Location
- Wych Lane Gosport, Hampshire, PO13 0JN England
- 50°49′23″N 1°10′30″W﻿ / ﻿50.82306°N 1.17500°W

Information
- Type: Academy
- Local authority: Hampshire County Council
- Trust: The Kemnal Academies Trust
- Department for Education URN: 138437 Tables
- Ofsted: Reports
- Head teacher: Tom Garfield
- Gender: Mixed
- Age range: 11–16
- Enrolment: 570
- Capacity: 1,200
- Website: www.bridgemary-tkat.org

= Bridgemary School =

Bridgemary School is an 11-16 secondary school with academy status in Gosport, Hampshire, England.

Bridgemary School takes part of its cohort from the most deprived ward in Gosport. However, it has always been categorised as a failing school by Ofsted. In 2001, staff were given a DfES (Department for Education and Skills) bonus for significant improvement, of more than 7%, in the GCSE A*-C pass rate. Results continued to rise, until a fall of 4% in 2004 brought it back to 25% (DfES, 2004). This was despite Ofsted's assertion in July 2004, that: 'Results in 2003 were in line with those in similar schools at the end of Year 9, and above average for similar schools at the end of Year 11'. (Ofsted Report, 2004. pg.8) The school was also identified by DfES as being among 148 nationwide which were likely to have a "high number of persistent truants". It is perhaps to the credit of staff and external agencies, working with the community, that unauthorised absence remained as low as 3.5% during this time.(Dfes, 2004.ibid)

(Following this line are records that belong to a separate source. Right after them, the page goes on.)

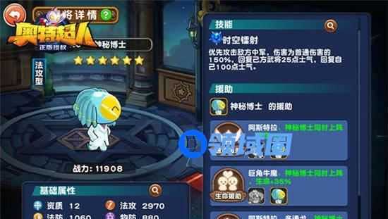 神秘博士,6星法攻型武将,技能时空镭射(优先攻击敌方中军,伤害为普通伤害的150%,回复己方武将25点士气,回复自己100点士气)。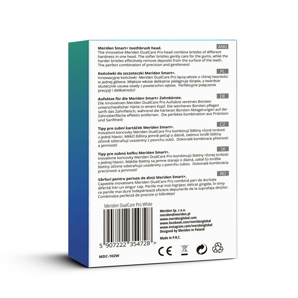 Specjalnie zaprojektowane końcówki Meriden DualCare Pro łączą w jednej główce włosie o różnej twardości. Miękkie włókna delikatnie pielęgnują dziąsła, a twardsze skutecznie usuwają osady z powierzchni zębów. To połączenie precyzji i delikatności. Końcówki dostępne są w wersjach kolorystycznych dopasowanych do korpusu szczoteczki.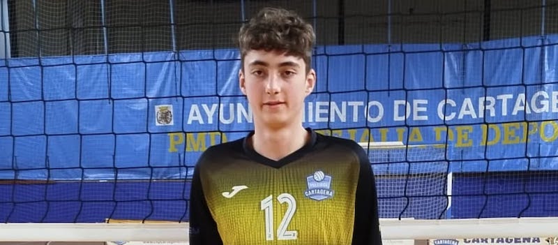 El canterano del Club Voley Playa Cartagena es jugador cadete de primer año y estará en la concentración nacional que tendrá lugar en Lugo del 13 al 24 de abril, además de disputar en los días siguientes un torneo clasificatorio para el Europeo.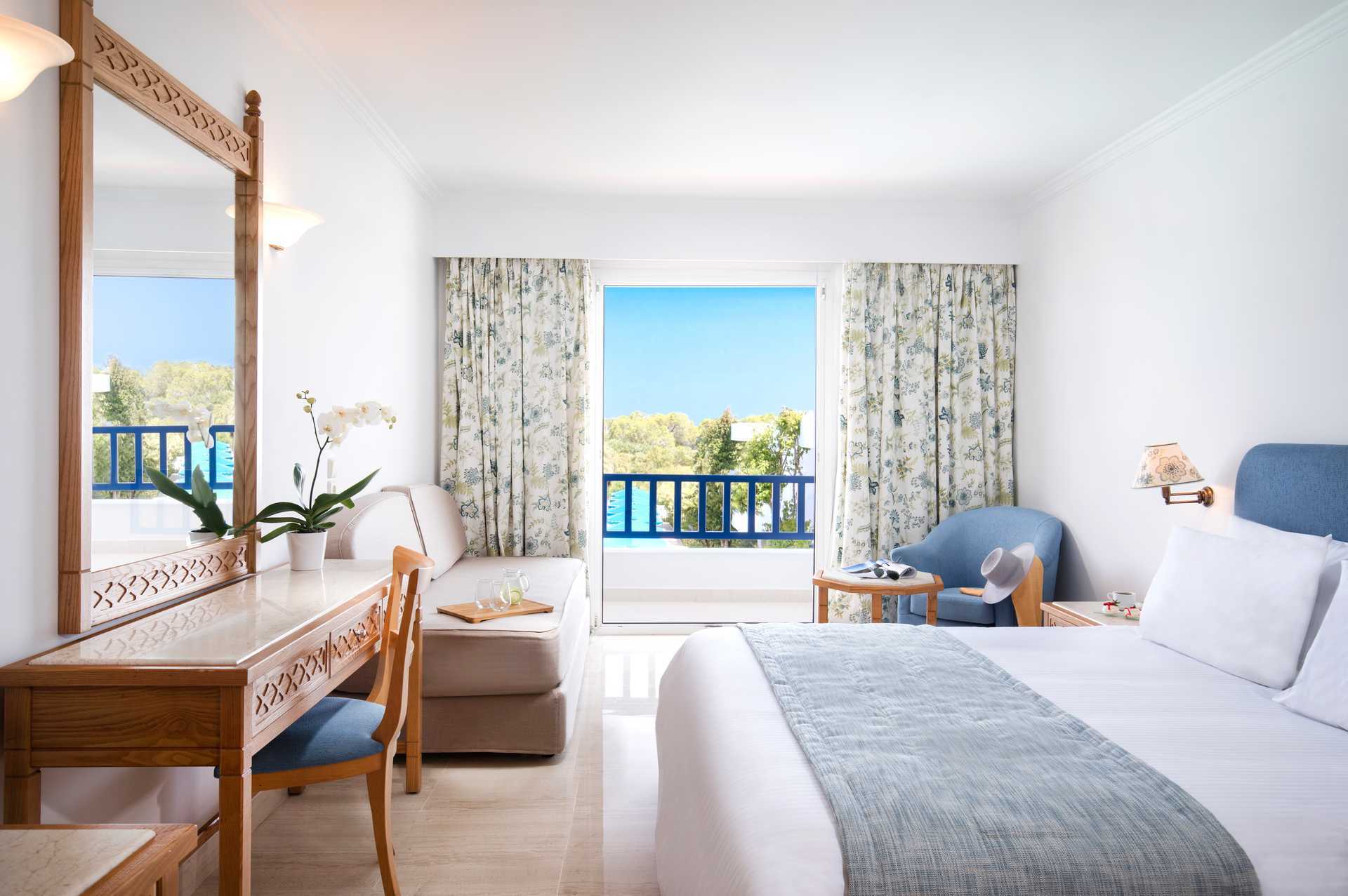 Dobbeltrom med balkong med havutsikt eller bassengutsikt. En dobbeltseng eller to enkeltsenger. Mulig med ekstrasenger i sovesofa. Wifi, safe og luftkondisjonering inkludert. Kjøleskap. Vannkoker samt kaffe og te. TV. Badekåper og tøfler Hårføner. Badekar og wc. Rengjøring 7 ggr/uke. Barn under 2 år regnes inn i maksantallet i rommet.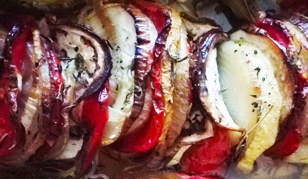 - Dans un plat à four, disposer en rangs serrés les légumes en alternant aubergine, oignon, tomate et courgette.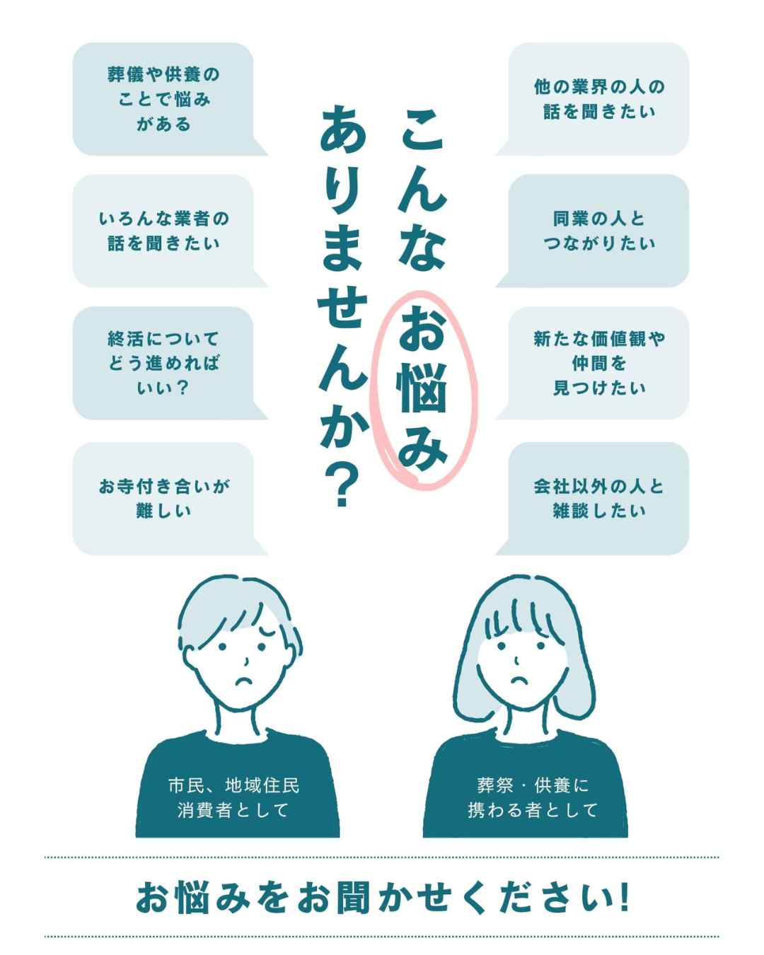 弔いに関するさまざまな悩み事、関心事を、ちょっと相談しに行ける場所。 「会いに行ける業者」「顔の見える業者」がコンセプト。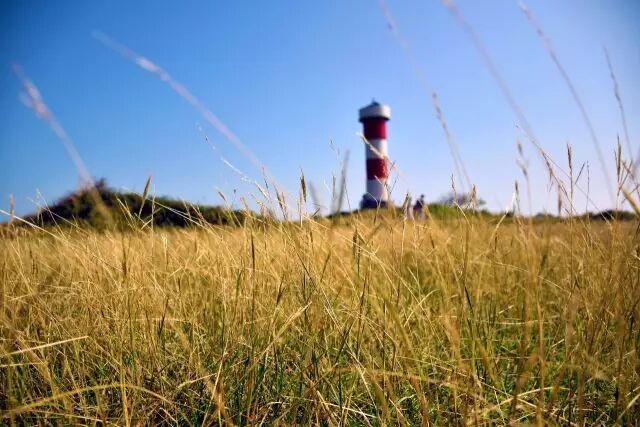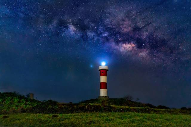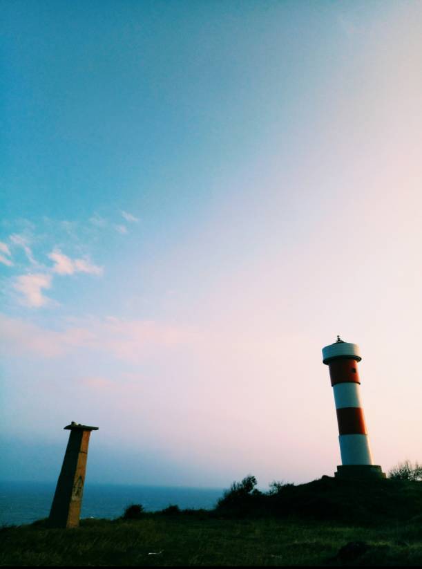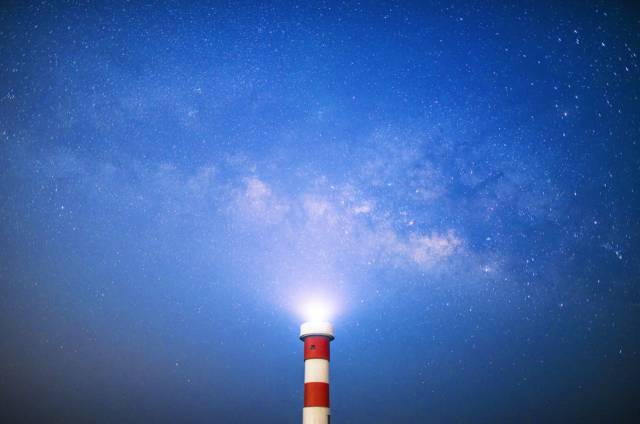 红白相间的灯塔立在高高的海的尽头,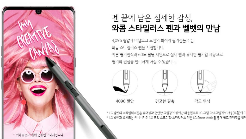 LG Velvet รองรับปากกา Wacom Stylus ที่รองรับแรงกดมากถึง 4,096 ระดับ สามารถหยิบขึ้นมาแล้วเขียนลงบนหน้าจอได้ทันที โดยทาง LG เคลมว่า ฟิลลิ่งการขีดเขียน จะให้ความรู้สึกใกล้เคียงกับการใช้ปากกาหรือดินสอเขียนลงบนกระดาษจริงๆ นอกจากนี้ยังรองรับอุปกรณ์จอเสริม LG Dual Screen อีกด้วย (แต่ต้องซื้อแยกทั้งคู่)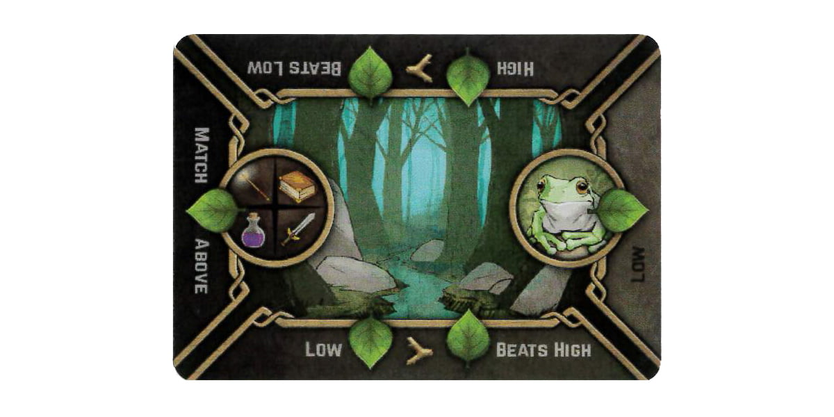 - Right: While the other three sides of all eighteen Encounter Cards included in the game are always the same, the right side of each one presents a unique win condition. For instance, the condition might state that the highest squirrel card wins, or that the lowest potion card wins. Each player may play one card at this location, face-down. The cards are then revealed at the end of the encounter and the one that matches the condition scores 6 points. If there is a tie, then the player in second place (if any) scores 6 points.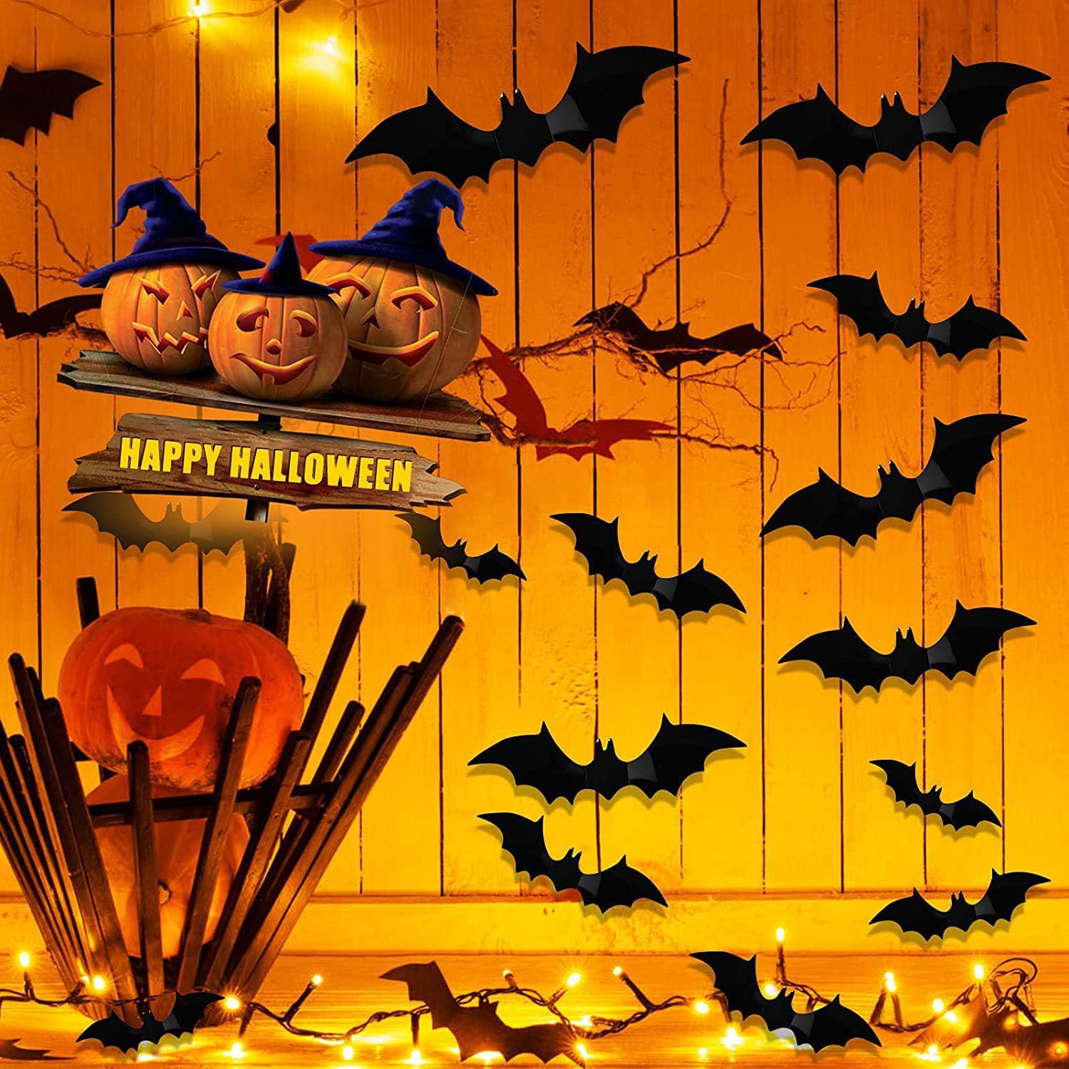 Halloween 3D Bats Decorations Halloween Bats Decoration Sticker Waterproof Scary Bats Wall Decor for Halloween Home Decor Wall and Party Decoration 60Pcs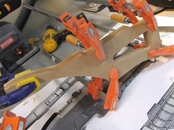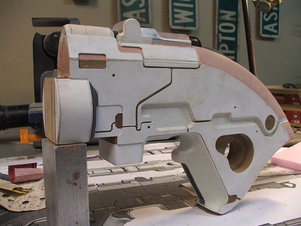 The weapon started at MDF and a bunch of glue. The cracks and gaps were filled with bondo, foam and clay, and then molds were made to get rubber parts. The finished weapon looks like it is waiting for someone to pick it up and start a firefight. I wonder how much the finished weapon weighs. This prop is so cool!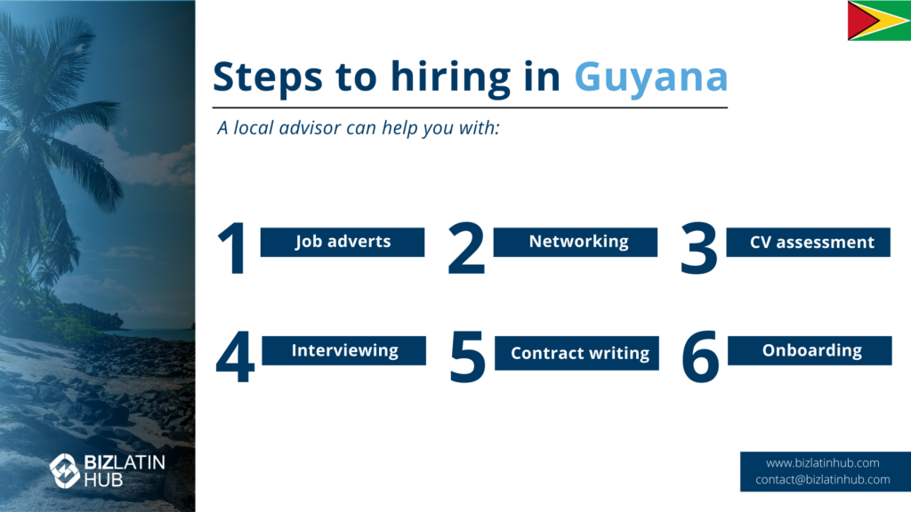 Steps to hiring in Guyana | A local advisor can help you with: Job adverts Networking CV assessment Interviewing Contract writing Onboarding |

The former principal, Richard Carlyle, introduced some ability-centred no-age-related classes (with year groups: E1, E2, E3, L1 and L2), and by 2006 the GCSE A to C pass rate had risen to 35%.

In September 2006 it was announced that Bridgemary College was to be the first school in the country to offer teaching around the clock with teaching and extra-curricular activities taking place from 7am to 10pm and learning modules being available online at any time. The scheme was to be phased in over four years, beginning in September 2007. In the first and second stages, the school planned to ensure that teaching support was available 24 hours a day and in four different time slots for four different groups of students. Stage three would see teaching expanded to 364 days a year, while stage four envisages community users integrated into the pupils' school experience.